Oligosaccharides at individual glycosylation sites in glycoprotein 71 of Friend murine leukemia virus

Abstract

Glycoprotein 71 from Friend murine leukemia virus was digested with proteases and the glycopeptides obtained were isolated and assigned, by amino acid sequencing, to the eight N‐glycosylated asparagines in the molecule; only Asn334 and Asn341 could not be separated. The oligosaccharides liberated from each glycopeptide by endo‐β‐N‐acetylglucosaminidase H, or by peptide‐N⁴‐(N‐acetyl‐β‐glucosaminyl)asparagine amidase F, were fractionated and subjected to structural analysis by one‐ and two‐dimensional ¹H NMR, as well as by methylation/gas‐liquid‐chromatography/mass‐fragmentography.
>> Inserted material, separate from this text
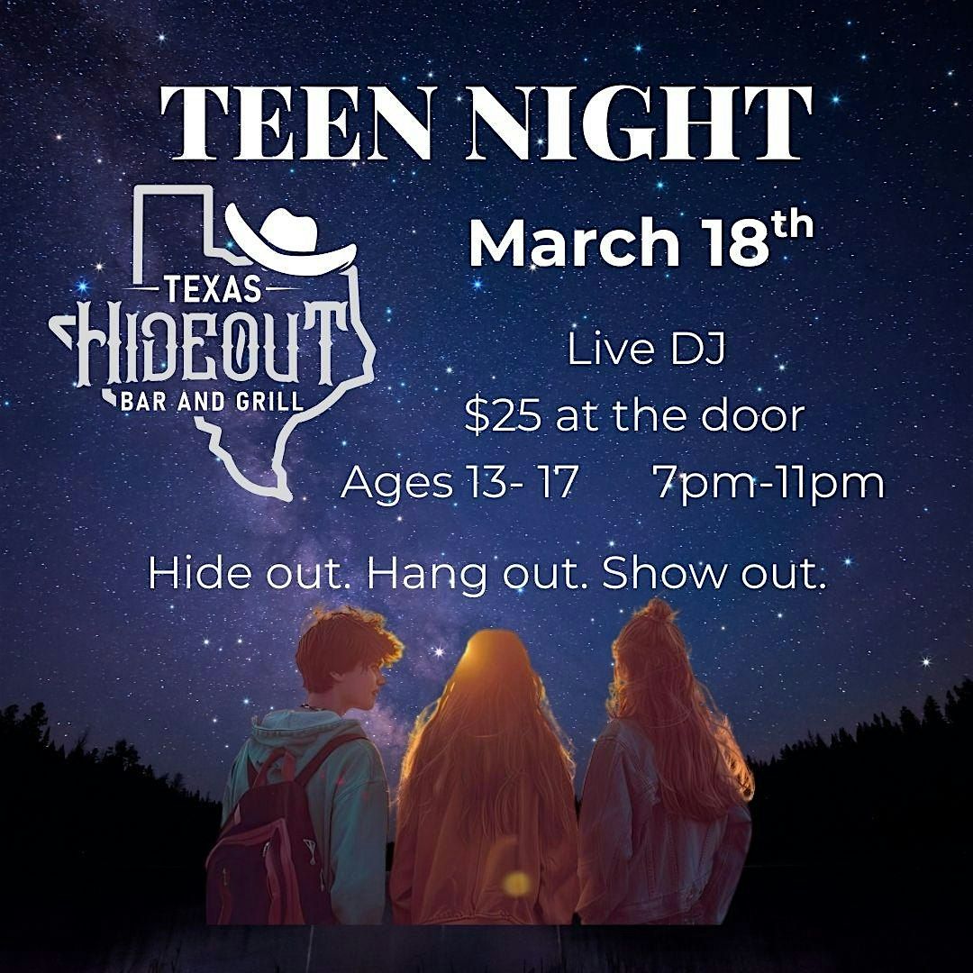 Get ready for an epic in-person night packed with fun just for teens! Join us at Texas Hideout for games, music, and tons of cool hangout moments. It's the perfect chance to kick back, make new friends, and enjoy a night tailored to you. Don’t miss out on the best teen night around – see you there!

At each glycosylation site, the substituents were found to be heterogeneous including, at Asn334/341 and Asn410, substitution by different classes of N‐glycans: oligomannosidic oligosaccharides, mainly Manα1→6(Manα1 →3)Manα1 →6(Manα1 →3)Manβ1 →4Glc‐NAcβ1 →4GlcNAcβ1 →, were detected at Asn168, Asn334/341 and Asn410. Hybrid species, partially sialylated, intersected and (proximally) funcosylated Manα1 →6(Manα1 →3)Manα1 →6 and Manα1 →3Manα1 →6(Galβ1 →4GlcNAcβ1 →2Manα1 →3)Manβ1 →4GlcNAcβ1 →4GlcNAcβ1 →, were found at Asn12, as previously published [Schlüter, M., Linder, D., Geyer, R., Hunsmann, H., Schneider, J. & Stirm, S. (1984) FEBS Lett. 169, 194–198] and at Asn334/341. N‐Acetyllactosaminic glycans, mainly partially intersected and fucosylated NeuAcα2 →3 or Galα1 →3Galβ1 →4GlcNAcβ1 →2Manα1 →6(NeuAcα2 →6 or NeuAcα2 →3Gal‐β1 →4GlcNAcβ1 →2Manα1 →3)Manβ1 →4GlcNAcβ1 →4GlcNAcβ1 → with some bifurcation at →6Manα1 → 6, were obtained from Asn266, Asn302, Asn334/341, Asn374 and Asn410. In addition, Thr268, Thr277, Thr279, Thr304/309, as well as Ser273 and Ser275, were found to be O‐glycosidically substituted by Galβ1 →3GalNAcα1 →, monosialylated or disialylated at position 3 of Gal or/and position 6 of GalNAc.